Maybe QE2 Is No Big Deal

11/02/2010 12:55 pm EST

Focus: MARKETS

Igor Greenwald

Chief Investment Strategist, MLP Profits

Updated Thursday, November 4, 2010

Igor Greenwald, MoneyShow.com’s Global Investing editor, wonders what would happen if the Fed gave a money-printing party and nobody came—that is, if QEII had little effect on the nation’s wheezing economy.

I refuse to be the only financial commentator in the Milky Way to pass up a chance to rag on Ben Bernanke. The chairman of the Federal Reserve may have a lifetime of highly relevant scholarship going for him, but if the people who offer unsolicited opinions for a living are to be believed, he lacks the virtue of common sense when it comes to money.

That’s an unfair charge to lodge against a man who did most of the heavy lifting required to dodge a depression. But lodged it’s been, over and over and over again.

Many ridicule the notion that printing extra money is an answer to anything. But the real problem isn’t the Fed’s money-printing bent so much as its plans for all that extra green. It’s time to fire up those helicopters and drop the newly minted currency on Main Street.

Why? Because Main Street would spend the money, whereas Wall Street has already had its fill. That’s one reason Bernanke remains popular with investors. With friends like that, no wonder the general public is leery. Bernanke’s job approval rating has slipped this year in The Harris Poll, along with the economy’s momentum, before recovering a bit recently.

But even erstwhile supporters, including some of the chairman’s friends and former colleagues, doubt the ultimate efficacy of the bond purchases the Fed announced Wednesday.
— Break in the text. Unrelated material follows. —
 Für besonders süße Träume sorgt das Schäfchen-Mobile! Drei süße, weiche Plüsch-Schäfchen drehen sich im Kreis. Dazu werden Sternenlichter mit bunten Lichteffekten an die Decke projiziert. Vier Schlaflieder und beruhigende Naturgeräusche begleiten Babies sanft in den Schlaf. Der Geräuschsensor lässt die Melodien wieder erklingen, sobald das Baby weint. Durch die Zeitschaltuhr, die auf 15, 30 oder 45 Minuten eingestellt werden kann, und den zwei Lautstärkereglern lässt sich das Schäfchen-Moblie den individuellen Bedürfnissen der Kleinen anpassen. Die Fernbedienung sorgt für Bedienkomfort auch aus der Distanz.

With corporate credit as easy as it gets and private loan demand lacking, how will marginally lower long-term rates boost aggregate demand or economic output?
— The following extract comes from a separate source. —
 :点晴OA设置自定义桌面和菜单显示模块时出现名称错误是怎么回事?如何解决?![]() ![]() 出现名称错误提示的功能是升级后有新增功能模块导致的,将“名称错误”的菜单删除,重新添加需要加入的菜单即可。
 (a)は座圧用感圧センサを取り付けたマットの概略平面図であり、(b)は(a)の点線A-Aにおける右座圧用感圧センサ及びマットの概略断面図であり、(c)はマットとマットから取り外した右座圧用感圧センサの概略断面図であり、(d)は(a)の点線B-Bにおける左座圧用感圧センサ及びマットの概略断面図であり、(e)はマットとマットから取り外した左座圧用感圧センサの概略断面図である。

One of the main proponents of another round of bond purchases, New York Fed President William Dudley, argues that the resulting lower rates “would support the value of assets, including housing and equities,” in addition to cutting housing costs for the homeowners able to refinance, thereby increasing “income left over for other spending.”

Unless, of course, one’s home is worth less than the mortgage (some 25% of consumers) or he or she is unemployed or underemployed (a partially overlapping 17%), or has already refinanced or rents.
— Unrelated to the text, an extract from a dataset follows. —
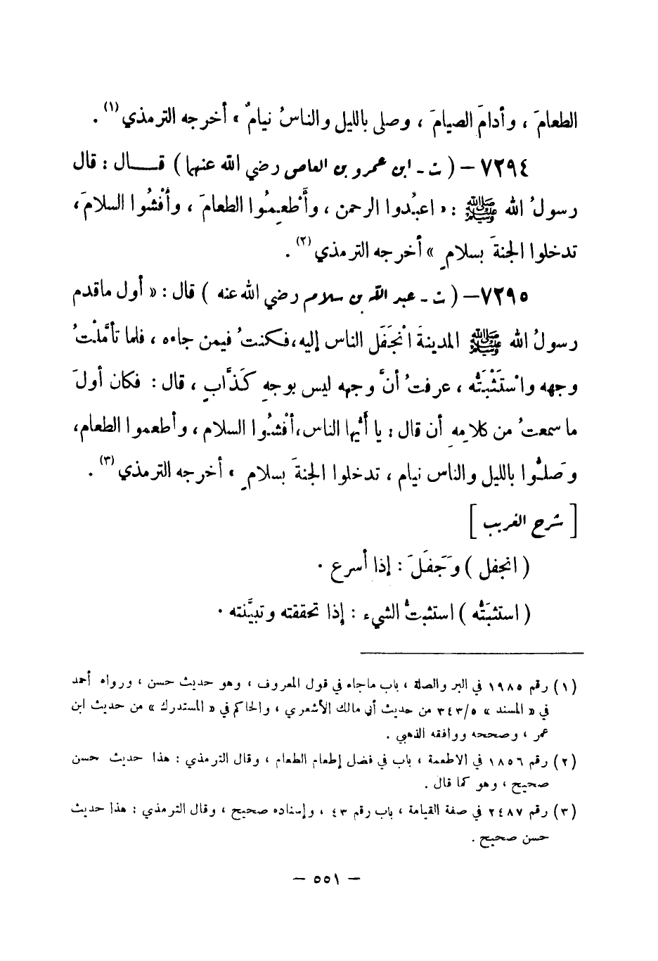 7295 - (ت) عبد الله بن سلام - رضي الله عنه - قال: «أول ما قدم رسولُ الله - صلى الله عليه وسلم- المدينةَ انْجَفَل الناس إليه، فكنتُ فيمن جاءه، فلما تأمَّلْتُ وجهه واسْتَثْبَتُّه، عرفتُ أنَّ وجهه ليس بوجهِ كَذَّاب، قال: فكان أولَ ما سمعتُ من كلامِهِ أن قال: يا أيُّها الناس، أفْشُوا السلام، وأطعموا الطعام، وصَلُّوا بالليل والناس نيام، تدخلوا الجنةَ بسلام» أخرجه الترمذي (¬1) .

More to the point, additional bond purchases by the Fed may not lower rates as policy makers expect. The first round of such purchases last year coincided with a steady run-up in rates as growth indicators and risk appetites perked up.

A lot of this round of buying likewise seems to have been priced in to the markets before the fact. And much of the money the Fed is likely to free up by buying bonds will ultimately leave the country for warmer climes and headier returns in hardier currencies.

It’s possible, evidently, to crank up the paranoia to 11 and concoct a scenario in which quantitative easing turns an inflation rate near 1% into a hyperinflationary spiral in a matter of months. The more probable outcome is a slow but persistent leak out of the bond market as commodities and emerging markets extend their runs. Stocks around the world were valued at some $50 trillion in September—and debt and currency markets are much larger. If the Fed throws a $500-billion pebble into this ocean, expect ripples rather than a tsunami.

It would have been better for the Fed to send a check to every American, putting newly created money into the hands of people who would spend at least some of it quickly. That would have been truly unconventional and far more stimulative than the current plan, which will tend to lift the higher-yielding, mostly foreign, assets.

Sure there’s nothing about such giveaways in the Federal Reserve Act, and some might argue that anything not specified is prohibited. But I’d bet that banks would have honored the Fed’s checks, and other alternatives have been suggested for getting the Fed’s money spent, instead of invested overseas. A prompt and progressive stimulus that didn’t increase the national debt and put money directly into people’s pockets would have been effective economic remedy and a crowd pleaser.

Instead, we got the all-but-promised bond purchases, and must pray that the economy picks up before the Fed exhausts its credibility.

Perhaps the biggest service such a program could perform would be to fade from the headlines as quickly as possible. If the Fed prints more money and the world as we know it doesn’t end, the many pessimists might finally notice the abundant and inexpensively valued corporate profits, backed by broadly diversified global growth.

There’s no telling how all the naysayers might react if they realized the Fed’s not an omnipotent voodoo cult. But the bandwagon could get crowded in a hurry.